Pembrolizumab, a PD-1 immune checkpoint inhibitor, has become a standard first-line treatment for metastatic non-small cell lung cancer (mNSCLC), administered either as monotherapy or combined with platinum-based chemotherapy. Although current guidelines endorse a fixed dose of 200 mg every three weeks, initial clinical studies supported a weight-based dosing strategy (2 mg/Kg). The comparative effectiveness of these dosing strategies in real-world settings remains unclear.

Methods

A multicenter, retrospective cohort study was conducted across three universitary hospitals to compare the effectiveness of two pembrolizumab dosing regimens as first line treatment in patients with mNSCLC. Patients were divided into two groups: the standard-dose group (STD, ≤ 2 mg/Kg) and high-dose group (HD, > 2 mg/Kg), both administered every 3 weeks.
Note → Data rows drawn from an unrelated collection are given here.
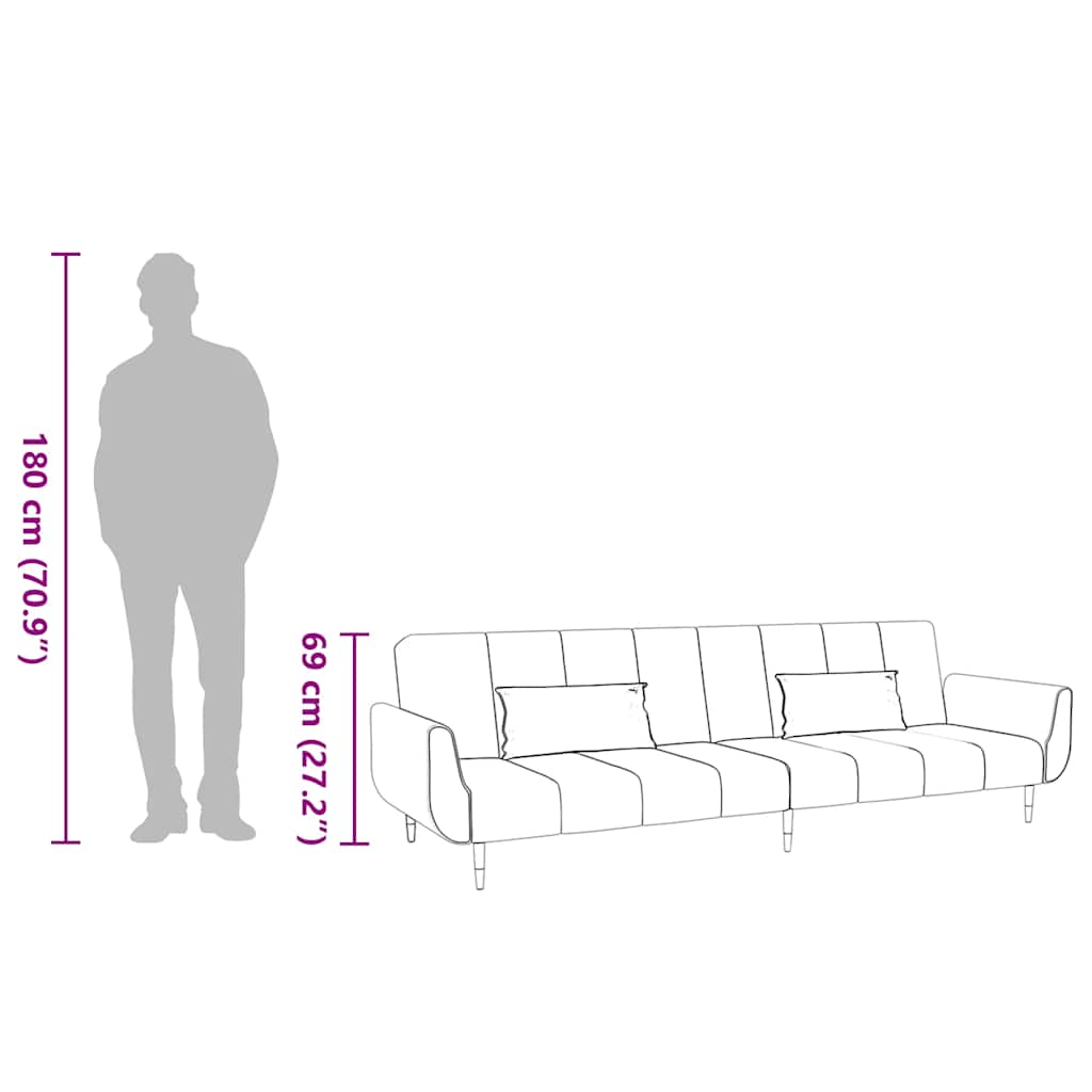 Ta raztegljiv kavč je zasnovan tako, da se raztegne. Tako lahko izbirate med sedenjem, ležanjem ali spanjem glede na svoje želje in udobje. To je idealen kos pohištva, če potrebujete dodaten prostor za spanje za svoje prijatelje in goste. Mehak in udoben material: Žametno blago z delikatno teksturo je mehko in udobno na dotik.Nastavljivo naslonjalo za hrbet: Dve ločeni naslonjali lahko potisnete delno ali v celoti navzdol, da ustvarite idealno mesto za spanje ali zakonsko posteljo.Moč in stabilnost: Lesen okvir in kovinske noge kavča zagotavljajo trdnost in stabilnost.Dve blazini za udobje : Priloženi sta dve blazini za vaše udobje. Največ 110 kg na sedež. Zavedajte se nevarnosti odprtega ognja in drugih virov močne vročine v bližini izdelka.
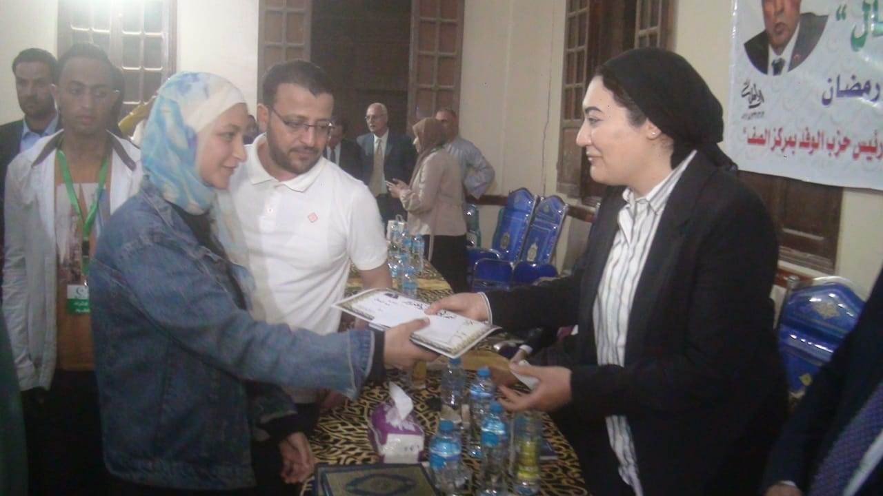 وفي نهاية الحفل قامت النائبة اسماء سعد الجمال بتكريم الفائزين في مسابقة حفظ القرآن الكريم من أبناء مركز ومدينة الصف، ومنحهم الهدايا وجوائز قيمة .
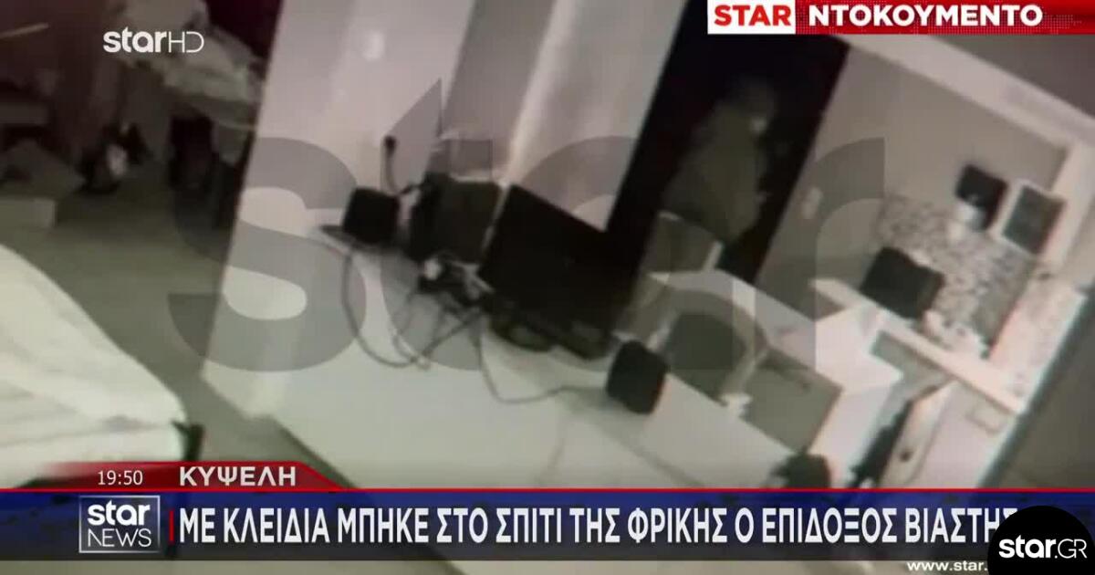Ο επίδοξος βιαστής μπήκε στο σπίτι της φρίκης σαν να μπαίνει στο δικό του. Κανονικά, με κλειδιά. Στο ντοκουμέντο που έχει εξασφαλίσει αποκλειστικά ο Βαγγέλης Γκούμας, καταγράφεται να κινείται στο δωμάτιο όπου βρίσκεται η κοπέλα με τις ειδικές ανάγκες, το θύμα του. Περιφέρθηκε στον χώρο και την κοιτούσε. Άγνωστο γιατί, βγήκε από το διαμέρισμα, προσπάθησε να ανοίξει την πόρτα ακριβώς απέναντι και επέστρεψε ξανά. Προσπάθησε να κλειδώσει την πόρτα εσωτερικά. Έβαλε μπροστά το αρρωστημένο του σχέδιο.

Primary endpoints were progression-free survival (PFS) and overall survival (OS). Kaplan–Meier and Cox regression analyses were used to compare outcomes between dosing groups.

Results

Among 198 patients analyzed, baseline characteristics were similar between groups, except for a higher proportion of ECOG 0 in the HD group. Median PFS was 14.9 months in the STD group versus 8.3 months in the HD group, without statistical significance (HR 1.27, 95% CI 0.87–1.86, p = 0.215). Similarly, median OS was numerically longer in the STD group (27.7 months) compared to the HD group (17.3 months) (HR 1.39, 95% CI 0.97–2.03, p = 0.072). Rates of treatment discontinuation due to adverse events were similar between groups.

Conclusions

In this real-world cohort of mNSCLC patients, pembrolizumab administered at 2 mg/Kg every three weeks appears to provide similar progression free survival and overall survival outcomes compared to higher doses. These findings support the clinical effectiveness of lower pembrolizumab doses, aligning with prior pharmacokinetic and clinical studies indicating a lack of dose–response relationship for PD-1 inhibitors in mNSCLS, potentially optimizing treatment cost without compromising survival outcomes.